Mefloquine is still an effective anti-malarial and may be safely prescribed to patients who have previously taken it without adverse effects. Doctors believe that risk of death is higher for patients who fail to take mefloquine when they should than the risk of serious side effects.

"[S]evere reactions to mefloquine are rare, noted Dr. Andrea Boggild of Toronto General Hospital in Canada, who was not involved in the study. In a written statement, Boggild said that severe neurological and psychiatric symptoms develop in just one out of every 6,000 to 10,000 people who take the drug."

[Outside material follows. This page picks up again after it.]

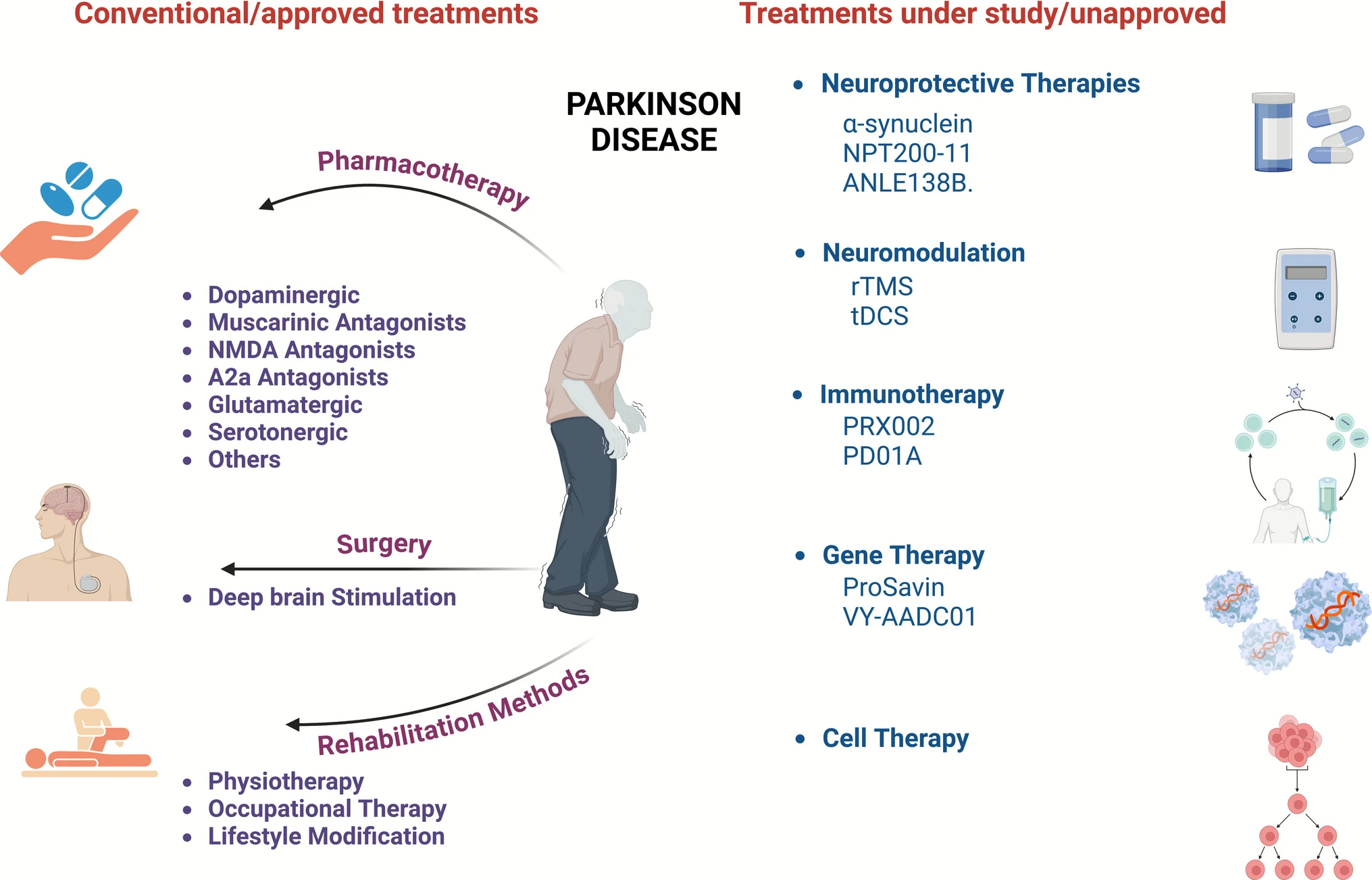 盡管現(xiàn)代醫(yī)學(xué)通過藥物(如左旋多巴)和手術(shù)(如深部腦刺激)手段能夠有效控制部分運動癥狀,但所有現(xiàn)有療法均屬于對癥治療,無法從根本上延緩或阻止黑質(zhì)多巴胺能神經(jīng)元的退化進(jìn)程,這構(gòu)成了當(dāng)前臨床治療的主要局限(圖1)。

In regard to antimalarial side effects, the Jacquerioz says this: "The main message is that you have to take some malaria chemoprophylaxis (preventive treatment) if you go to an endemic area". Malaria kills approximately one-million people each year, and an estimated ten-thousand to thirty-thousand travelers develop malaria annually.

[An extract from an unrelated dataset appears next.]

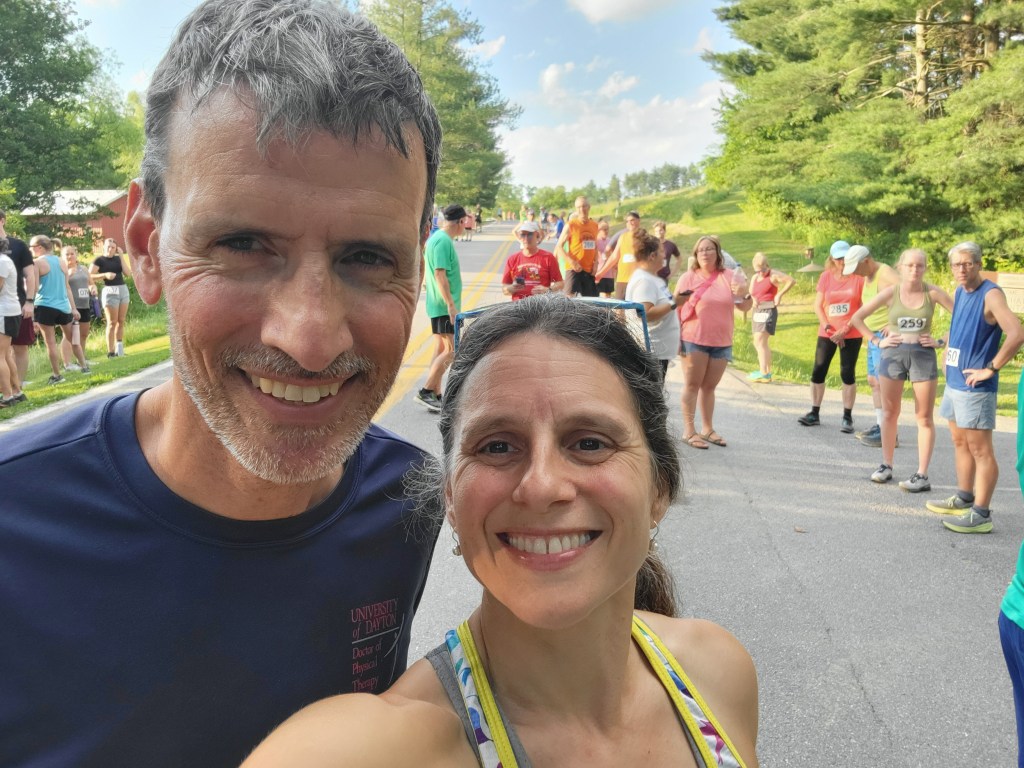 Julie was coming into race #3 hot and wiped – not a great cocktail for a hot and hilly trail race. The fast pace we had been keeping up in our first two states plus 2 hard races were already starting to catch up with her and Ryan was only looking more and more loose and relaxed. But she still wasn’t ready for this to be the first time Ryan would pass her on a race course. Well, life doesn’t wait for you to be ready. Julie started out this hilly, hot trail run whose formidability the locals were hinting at in the pre-race mingle, with some strength and confidence – taking the uphills with some temperance and sailing down the downhills, which undulated fairly evenly back and forth. By mile 1.5, the heat started to creep up with her and each new hill was less and less inviting. Before the race, the announcers and crowd made it clear to everyone – this was not a pr course – this was one of those “makes you feel alive to take on the challenge” type of courses. This was evident in both Julie and Ryan’s first mile, a 9:28 and 9:34 respectively. With Ryan a mere 6 seconds behind Julie at the close of mile 1, you can begin to see what was coming in mile 2. While Ryan soldiered on and clocked into the second mile’s attempts to stop us at a solid 11:01, this is where he won the race against Julie who submitted a bit more willingly to the mile’s challenges with an 11:42. Even though Julie’s final pace for the last .85 miles beat Ryan’s at a 9:56 pace against Ryan’s 10:23 pace, the damage for Julie’s pursuits of marital victory was already thwarted. Ryan crossed the finish line after 29 minutes and 11 seconds, Julie at 29 minutes and 58 seconds. Both crossed the line sweaty, tired and ready for the post-race popsicles Marriage, of course is not about keeping score. That said, Julie 2 – Ryan 1. The game is most certainly on.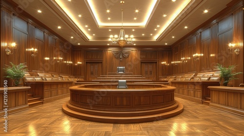 Grand Courtroom Interior Design: Mahogany Elegance

"Boggild advised people who are planning a trip to a malaria-endemic area to talk with a healthcare provider who specializes in travel medicine about how to best protect themselves."

Source:
Reuters Health. " Two anti-malaria drugs have fewer side effects". Wednesday, October 7, 2009.

Genetic Diversity

"Scientists and health officials worldwide have made eradication of" malaria "a priority, with an effective and broadly protective vaccine a critical step toward that goal. Malaria -- a parasite spread to humans through mosquito bites -- is prevented by avoiding mosquito bites using bed nets or by killing mosquitoes with insecticides. The parasite is treatable using medications, although drug resistance is a relatively common problem. According to the World Health Organization, a child dies of malaria every 30 seconds" (University). Currently, "no approved vaccine for malaria" exists, but "various experimental vaccines are in development" (University). As of now, "vaccines directed against the blood stages of Plasmodium falciparum malaria [a deadly strain] are intended to prevent the parasite from invading and replicating within host cells. No blood-stage malaria vaccine has shown clinical efficacy in humans" (Takala).

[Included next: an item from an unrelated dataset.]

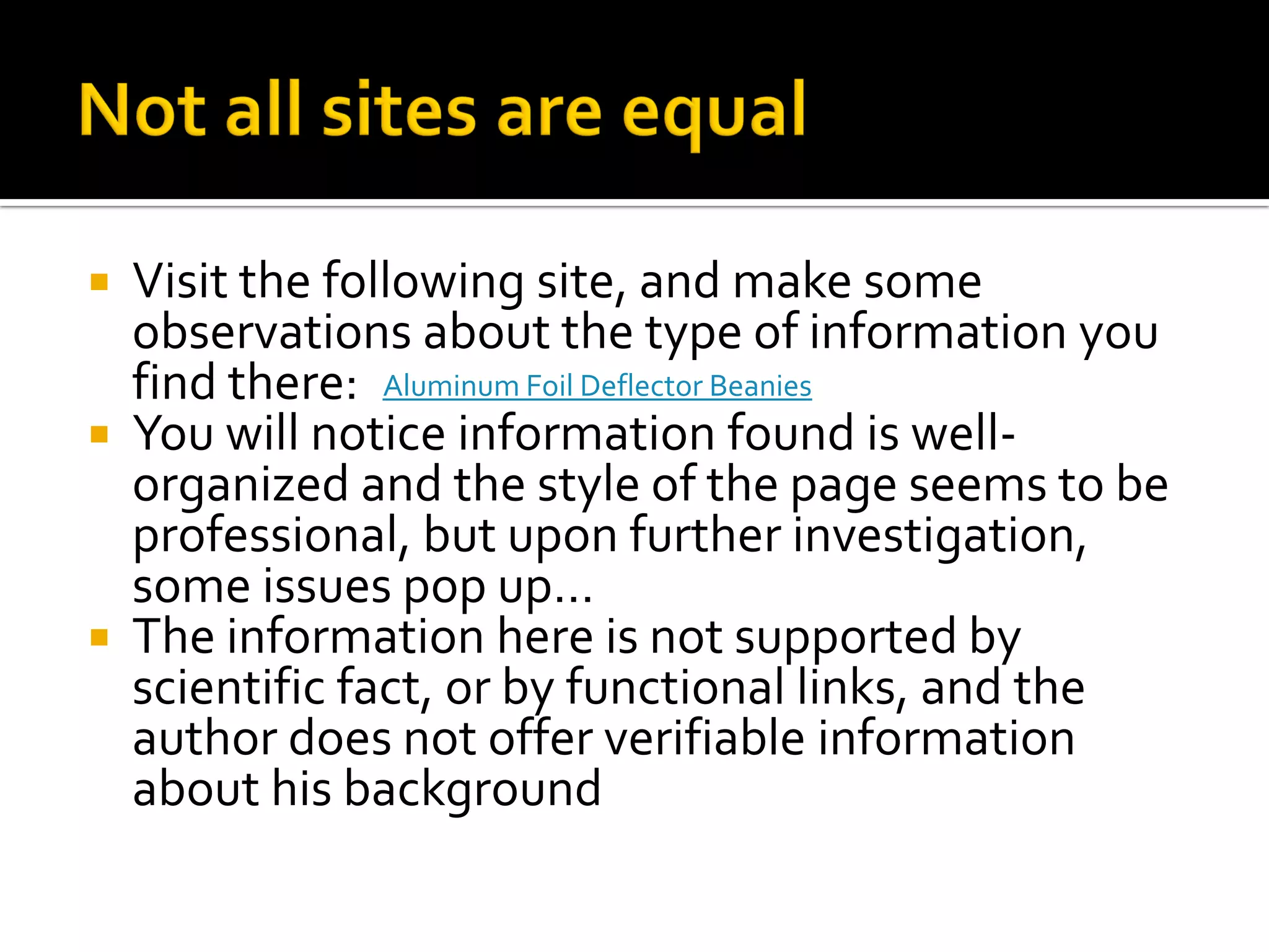The document discusses how to evaluate the reliability of online resources by examining who authored the content, what the purpose and type of site is, when it was last updated, where the information originated, and why the information should be considered valid. It provides questions to consider under each of these "Five Ws" categories and notes that .gov domains and sites from experts are generally most trustworthy sources of information.

"Researchers at the University of Maryland School of Medicine Center for Vaccine Development (CVD) have charted the extreme genetic differences that occur over time in the most dangerous malaria parasite in the world" (University). They "examined the extent and within-host dynamics of genetic diversity in the blood-stage malaria vaccine" and concluded that this "extreme diversity may pose a serious obstacle" to the creation of an effective vaccine.

"The CVD study suggests that developing a broadly protective vaccine for malaria may be challenging because the parasite's genetic makeup is so variable, constantly changing" (University).

Sources:
Takala, Shannon L. et al. "Extreme Polymorphism in a Vaccine Antigen and Risk of Clinical Malaria: Implications for Vaccine Development." Sci Transl Med 14 October 2009:
Vol. 1, Issue 2, p. 2ra5.

University of Maryland Medical Center. "Extreme Genetic Variability In Malaria Parasite Found." ScienceDaily 15 October 2009. 21 October 2009 .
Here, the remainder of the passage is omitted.